╔══

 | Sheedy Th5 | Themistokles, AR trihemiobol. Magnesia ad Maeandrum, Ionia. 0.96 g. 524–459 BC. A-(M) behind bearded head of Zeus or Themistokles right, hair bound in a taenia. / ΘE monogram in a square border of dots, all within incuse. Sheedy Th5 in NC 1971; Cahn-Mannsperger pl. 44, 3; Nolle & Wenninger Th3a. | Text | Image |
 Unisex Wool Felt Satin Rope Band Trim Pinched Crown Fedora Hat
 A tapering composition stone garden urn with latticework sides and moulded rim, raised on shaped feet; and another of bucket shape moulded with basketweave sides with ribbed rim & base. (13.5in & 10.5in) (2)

╚══
╔══

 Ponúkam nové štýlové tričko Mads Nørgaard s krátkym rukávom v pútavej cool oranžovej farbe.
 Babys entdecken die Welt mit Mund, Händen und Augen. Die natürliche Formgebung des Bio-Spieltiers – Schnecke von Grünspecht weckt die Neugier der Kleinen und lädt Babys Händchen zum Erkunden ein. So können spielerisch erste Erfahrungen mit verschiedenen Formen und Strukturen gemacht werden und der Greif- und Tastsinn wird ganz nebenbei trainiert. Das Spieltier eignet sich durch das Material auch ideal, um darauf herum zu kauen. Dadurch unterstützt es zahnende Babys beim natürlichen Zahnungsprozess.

╚══
╔══

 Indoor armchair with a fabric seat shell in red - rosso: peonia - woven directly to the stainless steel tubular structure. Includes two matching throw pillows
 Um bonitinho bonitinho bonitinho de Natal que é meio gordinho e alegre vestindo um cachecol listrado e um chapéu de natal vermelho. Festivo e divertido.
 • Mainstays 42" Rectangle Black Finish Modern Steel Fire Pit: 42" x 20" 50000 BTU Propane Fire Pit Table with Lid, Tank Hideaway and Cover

╚══

What you have to do: Reproduce exactly the stretch of the material above that starts at the line with "Ponúkam nové štýlové" and ends at the line with "Babys entdecken die", both included, and nothing else.

Output below:
 Ponúkam nové štýlové tričko Mads Nørgaard s krátkym rukávom v pútavej cool oranžovej farbe.
 Babys entdecken die Welt mit Mund, Händen und Augen. Die natürliche Formgebung des Bio-Spieltiers – Schnecke von Grünspecht weckt die Neugier der Kleinen und lädt Babys Händchen zum Erkunden ein. So können spielerisch erste Erfahrungen mit verschiedenen Formen und Strukturen gemacht werden und der Greif- und Tastsinn wird ganz nebenbei trainiert. Das Spieltier eignet sich durch das Material auch ideal, um darauf herum zu kauen. Dadurch unterstützt es zahnende Babys beim natürlichen Zahnungsprozess.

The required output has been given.